The medical world is growing along with growth of hospital. From medical records to network operations, if your hospital isn't taking advantage of a healthy dose of big data, then your management team is missing out.

When it comes to healthy data management, here are just a few ways big data can improve your hospital. Nowadays the data is expanding in huge amount in field of medicine.

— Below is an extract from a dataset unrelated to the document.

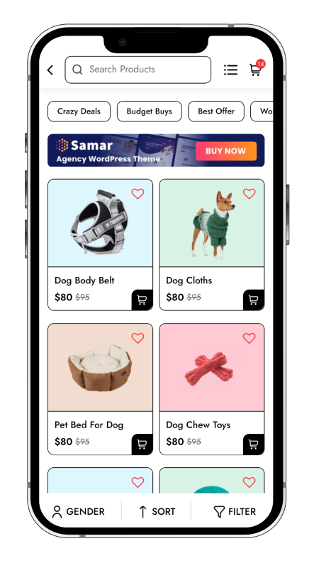 PetPerks is a sleek, user-friendly eCommerce mobile app, tailored for pet lovers and pet care businesses. Whether you're selling pet food, accessories, grooming products, or health essentials, PetPerks provides a beautiful and functional mobile experience for your users.

Every patient comes with their own set of medical data and hospitals. By using big data hospital management team can create a better healthcare infrastructure. Big Data collects and store huge amounts of data related to hospital can use it from patient recovery rates to hospital finances. Patient health records are an important step in ensuring your hospital gives the most appropriate care to its visitors. The problem is records that aren't intuitive and immediately available don't have as great of an effect on a patient's recovery rate or the quality of their future visits. Big data analytics in the healthcare field are helping physicians better track their patients' medical conditions by collecting and analyzing each piece of the medical data puzzle.

2. CHALLENGES IN BIG DATA

1. Data storage and quality:

Companies and Organizations are growing at a very fast pace. Moreover, the growth of the companies rapidly increases the amount of data produced. The storage of this data is becoming a huge challenge for every organization. Options like data lakes and warehouses are used to collect and store massive quantities of unstructured data in its native format. The problem, however, is when a data lakes and warehouse try to combine inconsistent data from disparate sources, it encounters errors. Inconsistent data, duplicates, logic conflicts, and missing data all result in data quality challenges.

2. Security and privacy of the data:

Once, companies and organizations figure out how to use big data, it gives them a varied range of opportunities. However, it also involves big risks when it comes to the security and the privacy of the data. The tools used for analysis, stores, manages, analyses, and utilizes the data from a different variety of sources. This ultimately leads to a risk of exposure of the data, making it highly vulnerable. Therefore, the production of more and more data increases security and privacy concerns. Thus making it essential for analysts and data scientists to consider these issues and deal with the data in a manner that will not lead to the disruption of privacy.

3. Various sources of data:

Data is coming in various resources and in various forms like audio, video, images, files, etc. To dealing with such volume of data is a big challenge nowadays.

4. Searching of Data:

For searching specific data from such large data set is very critical. For that purpose, we required special tools and techniques. So that the specific data is found without some delay.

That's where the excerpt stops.